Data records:
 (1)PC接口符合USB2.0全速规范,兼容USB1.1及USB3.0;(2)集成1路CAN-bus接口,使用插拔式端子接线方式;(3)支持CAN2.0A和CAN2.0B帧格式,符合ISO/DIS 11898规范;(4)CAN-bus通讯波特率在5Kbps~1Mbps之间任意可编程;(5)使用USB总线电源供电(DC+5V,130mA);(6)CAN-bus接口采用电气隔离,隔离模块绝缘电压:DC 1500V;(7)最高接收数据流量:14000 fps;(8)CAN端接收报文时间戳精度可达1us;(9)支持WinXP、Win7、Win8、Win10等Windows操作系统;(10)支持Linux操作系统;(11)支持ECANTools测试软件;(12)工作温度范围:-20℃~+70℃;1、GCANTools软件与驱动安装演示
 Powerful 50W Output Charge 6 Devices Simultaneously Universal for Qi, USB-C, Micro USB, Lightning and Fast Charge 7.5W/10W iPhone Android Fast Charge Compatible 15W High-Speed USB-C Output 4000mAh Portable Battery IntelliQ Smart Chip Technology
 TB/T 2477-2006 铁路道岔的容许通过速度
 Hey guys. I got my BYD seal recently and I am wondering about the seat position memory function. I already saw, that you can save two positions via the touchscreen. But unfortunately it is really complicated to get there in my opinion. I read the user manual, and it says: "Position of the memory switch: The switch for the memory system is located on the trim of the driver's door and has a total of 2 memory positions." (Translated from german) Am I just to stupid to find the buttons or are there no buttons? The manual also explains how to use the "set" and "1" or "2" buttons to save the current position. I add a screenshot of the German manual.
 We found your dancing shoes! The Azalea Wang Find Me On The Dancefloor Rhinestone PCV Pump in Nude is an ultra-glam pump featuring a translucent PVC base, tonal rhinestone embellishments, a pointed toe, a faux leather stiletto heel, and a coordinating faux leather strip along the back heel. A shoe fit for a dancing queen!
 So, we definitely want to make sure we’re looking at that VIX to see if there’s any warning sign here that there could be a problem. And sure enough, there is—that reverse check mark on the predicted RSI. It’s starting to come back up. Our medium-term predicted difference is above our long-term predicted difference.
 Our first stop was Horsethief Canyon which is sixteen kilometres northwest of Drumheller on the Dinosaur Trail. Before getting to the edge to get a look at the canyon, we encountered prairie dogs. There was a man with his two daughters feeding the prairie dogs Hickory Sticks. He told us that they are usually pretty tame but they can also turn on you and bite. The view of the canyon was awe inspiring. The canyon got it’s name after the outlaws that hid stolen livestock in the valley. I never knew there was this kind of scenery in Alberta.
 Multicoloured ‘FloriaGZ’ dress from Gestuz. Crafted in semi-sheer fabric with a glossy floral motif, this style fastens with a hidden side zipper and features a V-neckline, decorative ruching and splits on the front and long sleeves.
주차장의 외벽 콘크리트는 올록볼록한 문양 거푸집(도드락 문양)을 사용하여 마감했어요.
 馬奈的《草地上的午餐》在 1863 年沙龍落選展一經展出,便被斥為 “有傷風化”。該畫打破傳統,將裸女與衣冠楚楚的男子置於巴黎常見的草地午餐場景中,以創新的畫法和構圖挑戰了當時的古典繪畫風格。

What the exercise asks: Set down exactly the line with "Multicoloured ‘FloriaGZ’ dress" and each line after it up to the end of the records, adding nothing.

Output below:
 Multicoloured ‘FloriaGZ’ dress from Gestuz. Crafted in semi-sheer fabric with a glossy floral motif, this style fastens with a hidden side zipper and features a V-neckline, decorative ruching and splits on the front and long sleeves.
주차장의 외벽 콘크리트는 올록볼록한 문양 거푸집(도드락 문양)을 사용하여 마감했어요.
 馬奈的《草地上的午餐》在 1863 年沙龍落選展一經展出,便被斥為 “有傷風化”。該畫打破傳統,將裸女與衣冠楚楚的男子置於巴黎常見的草地午餐場景中,以創新的畫法和構圖挑戰了當時的古典繪畫風格。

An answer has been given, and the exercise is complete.